At a Senate Banking Committee hearing this week, Wells Fargo CEO John Stumpf argued that the company’s troubles didn’t reflect a culture of corruption but were caused by some 5,000 rogue “team members.” Stumpf was trying to explain why his company’s employees had created more than 2 million fake accounts for customers. He told a mostly unsympathetic audience, which included Sen. Elizabeth Warren, that “wrongful sales practice behavior goes entirely against our values, ethics and culture.” Warren accused him of “gutless leadership” and urged him to resign.

Wells Fargo is a curious case. Often overshadowed by banks like Chase and Citigroup, it was, until it took a hit from the recent uproar, the biggest bank in the world by market capitalization. It was also once “viewed as one of the good guys,” as Bloomberg put it, because its “conservative lending policies had helped it weather the worst of the housing bust” in 2008. On the “Vision and Values” page of its website, Stumpf claims that “everything we do is built on trust. It doesn’t happen with one transaction, in one day on the job or in one quarter. It’s earned relationship by relationship.”
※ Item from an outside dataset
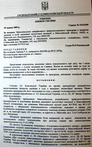 «Проверкой, проведенной Николаевской межрайонной природоохранной прокуратурой с привлечением экспертов государственной экологической инспекции Николаевской области, установлено, что решением городского совета № 178/42 от 09.11.07 ООО «Аннабелла» передали в аренду для строительства спортивно-оздоровительного комплекса земельный участок общей площадью 2240 квадратных метра на территории парка «61 коммунара», - говорится исковом заявлении Николаевской межрайонной природоохранной прокуратуры.

Despite its good-guy reputation in some quarters and its professed commitment to building trust, however, Wells Fargo was a central player in the lending practices that contributed to the housing crisis of the late 2000s. And it is still dealing with the fallout from lawsuits dating back to that era—notably, a case to be heard by the Supreme Court in its coming term. The case involves a suit brought by Miami for the financial burden imposed on it by the lending practices of Bank of America and Wells Fargo. The Court’s ruling in that case could determine whether similar suits in other cities, including Chicago, can move forward. Either way, the company’s recent history offers a clear glimpse into the gears of structural racism in the United States and the broader culture of corruption within the banking industry.

Wells Fargo has always denied that it engages in racial discrimination. But in 2012, staring down the barrel of a lawsuit by the state of Illinois and a U.S. Department of Justice investigation, it agreed to a settlement in which it paid more than $175 million. According to a Department of Justice statement, “Wells Fargo was aware the fees and interest rates it was charging discriminated against African-American and Hispanic borrowers, but the actions it took were insufficient and ineffective in stopping it.”

In Cook County, Illinois, between 2004 and 2007, Wells Fargo originated more than 61,000 mortgage loans, more than 25,000 of which were made to minorities, or some 41 percent. Of the 61,000 total loans, at least 10,000 were high-cost loans, of which more than 6,500—or 65 percent—were made to minorities. (Cook County includes Chicago.) Wells Fargo’s record was even worse at the national level, according to a judge in a case involving the company, who noted that it gave three times more subprime loans to African-Americans than “similarly situated white borrowers” from 2004 to 2008.

What’s at stake in the Supreme Court case is whether cities like Chicago have legal standing to sue banks for the damages incurred by predatory lending. The focus, in other words, is on the havoc created by what The Chicago Reporter called a “vacancy epidemic.” Cities are interested in recouping lost revenue from property taxes and the costs they incur in dealing with vacant properties.

But there are costs that will never be quantified or recovered in court. As the attorney general of Illinois, Lisa Madigan, said in 2012, “there’s an entire generation of wealth in minority communities that’s been taken away.” The impact of foreclosed homes isn’t limited to the former homeowners. The effects multiply and spread out, depressing property values in entire communities, which make them less attractive to homebuyers, which hurts the quality of schools and other public institutions, which depresses home values further and destroys local economies—in a reinforcing cycle of dysfunction.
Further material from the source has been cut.